The world seems primed to demand vengance. No one wants the peace the King of Peace offers, instead they want the pound of flesh with extra poundings on the side. We want the two eyes for an eye, two teeth for a tooth, and a thousand cuts for a single wounding word. We want infinite payback for momentary offenses, and permanent pain for all past and present and future anticipated sufferings. In short, the world demands the right to be cross, rather than to take it up and lay it at the cross.
And so I imagine purgatory, which I know is a place of purgatory but the how of purgatory is the real question, To be able to bear the face of God, to be in the full presence of the Trinity, one must long to stare into the heart of love, and so one must come with a loving heart, a heart that echoes eternity.
The joy of the fullness of commuity and communion requires that we trust God’s judgment about ourselves and all others we encounter. As such, I have had in my mind for some time now, a vision of purgatory as a small clean room with a door, an open doorway, a table and a chair. When we arrive and find purgatory is needed, God does not explain the test of it, only the requirements. The door does not open except when we open it. We are to open the door to anyone who asks. Anyone who shows up in the open doorway may proceed provided they ask. We do not tell them to ask but we must decide whether or not to open the door.

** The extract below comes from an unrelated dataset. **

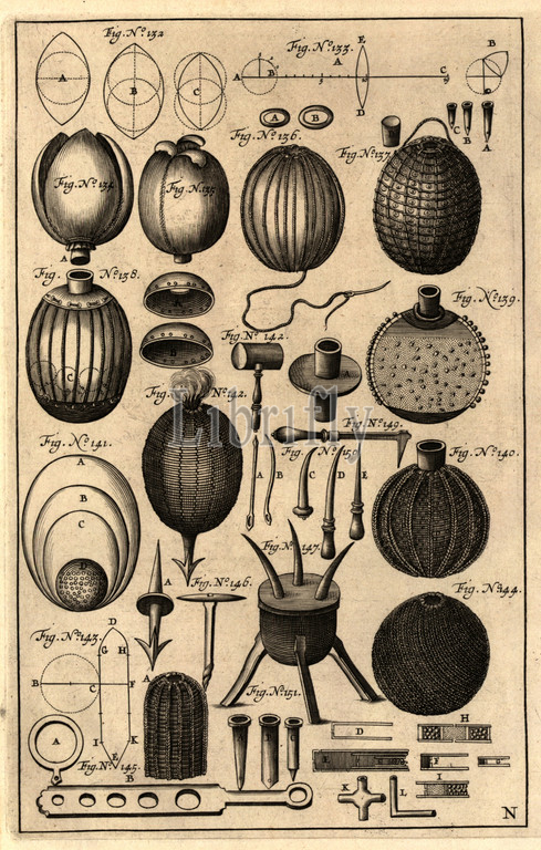 Fireworks 2, Copper engraving, Fig. 132-151, plate N, 1650, Casimiri Siemienowicz, Artis magnae artilleriae, pars prima, Amsterodami, Apud...Ianssonium, 1650

God loves us despite our not side quests, despite our distractions and extraness, despite our poor singing voices, despite our propensity to sin and to fall into error. God longs to extend His infinite mercy into every heart, but it is a gift we must mirror in our own hearts to fully receive. “Blessed are the merciful, mercy shall be theirs.” Will we tire of letting people in? Will we test those who ask? Will we demand something of them to let them enter? We are given the great gift of opening the door to Heaven for anyone who asks. However, we cannot ask for ourselves. We can only await the invitation to enter.
The person we refuse, is the reason we are not yet invited in.

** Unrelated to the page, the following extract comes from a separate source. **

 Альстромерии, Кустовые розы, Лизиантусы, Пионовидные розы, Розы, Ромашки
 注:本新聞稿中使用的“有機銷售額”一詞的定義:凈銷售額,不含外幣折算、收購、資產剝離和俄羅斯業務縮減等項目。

Either we trust in the absolute and infinite nature of God’s justice and mercy, or we do not.
The whole of salvific history is a story telling us over and over again (because apparently we need it) to trust in God’s love over our own understanding and preferences. The original sin, came from our first parents not trusting God’s plan to be all good, even the parts we did not yet understand. Abraham demonstrated absolute trust in God in his journey to the mountain with his son Isaac. Moses likewise did so in leading the people for fourty years in the desert. Mary, the blessed mother showed us abandonment to God’s will, and Saint Faustina gives us the simple prayer, “Jesus, I trust in you.”

If we trust in God, perhaps we figure out after what might be eons of opening the door, to not shut it. It is in that moment that we understand, the room all along was our heart, which God requires to be willing, and God is willing to wait until we understand this. It is in this moment, that we will hear and see Jesus standing at the frame, knocking, inviting us deeper in. It is the moment when, we will have been humbled enough in our understanding of ourselves to realize, the person we should be most surprised to find in heaven is ourselves.

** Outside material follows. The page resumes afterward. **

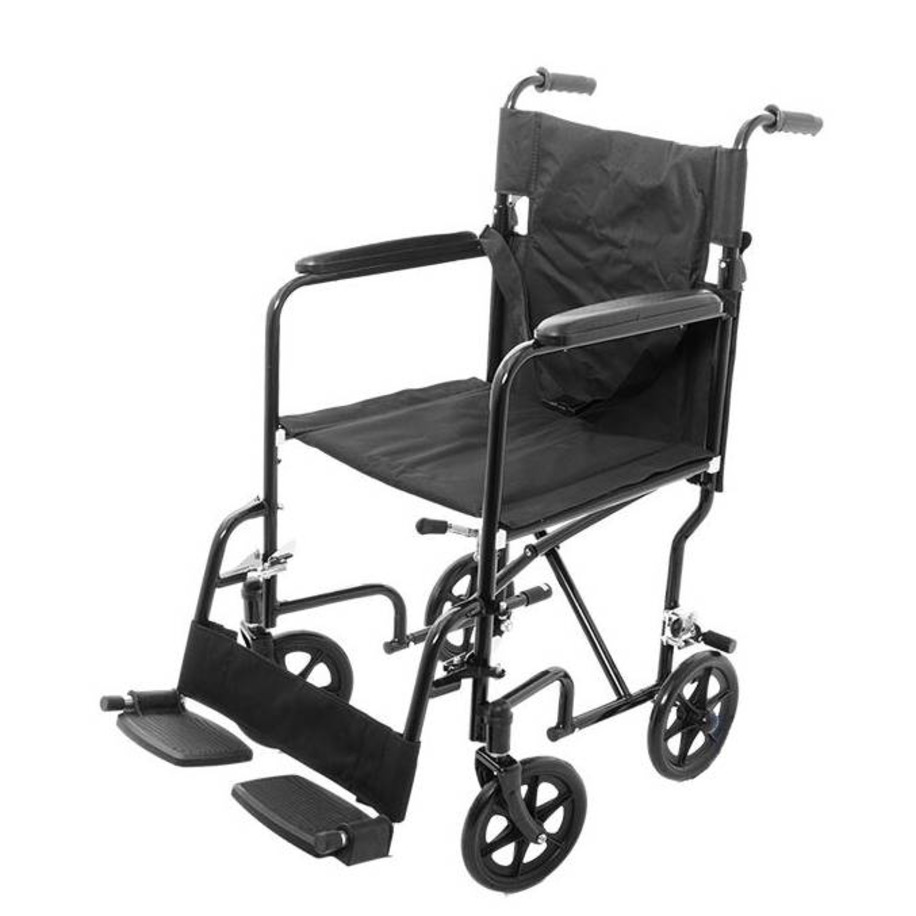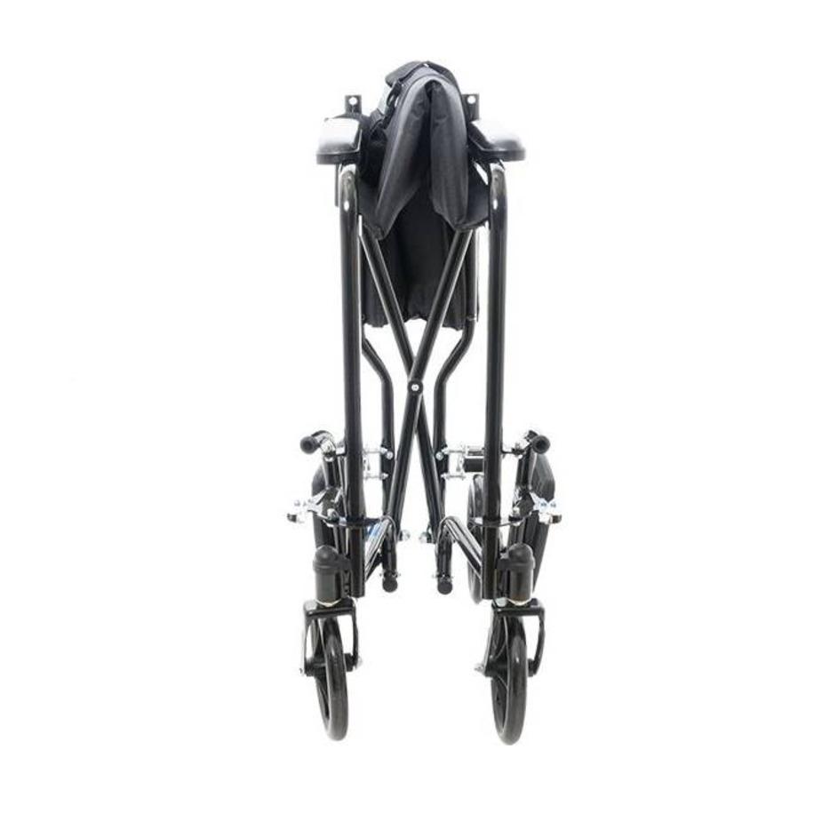 Складное кресло-каталка со складной спинкой и съемными подножками.

I’ve been thinking about this fundamental reality a lot lately, because people seem to be convinced they know who has been convicted and condemned –and that is not something the church proclaims. It only proclaims those who we find compelling evicence proving they are in paradise, building the kingdom of God. We were made to be merciful, to be saints, to reveal the more of God to a hurting world.God loves us despite our not side quests, despite our distractions and extraness, despite our poor singing voices, despite our propensity to sin and to fall into error. God longs to extend His infinite mercy into every heart, but it is a gift we must mirror in our own hearts to fully receive. “Blessed are the merciful, mercy shall be theirs.”
Which leaves us with the very uncomfortable question (and the reason for the title), who would we refuse?
Yes. That’s the conclusion.
You’re going to hate me.
Love is an open door.
I’m going to spend some time in purgatory for this one.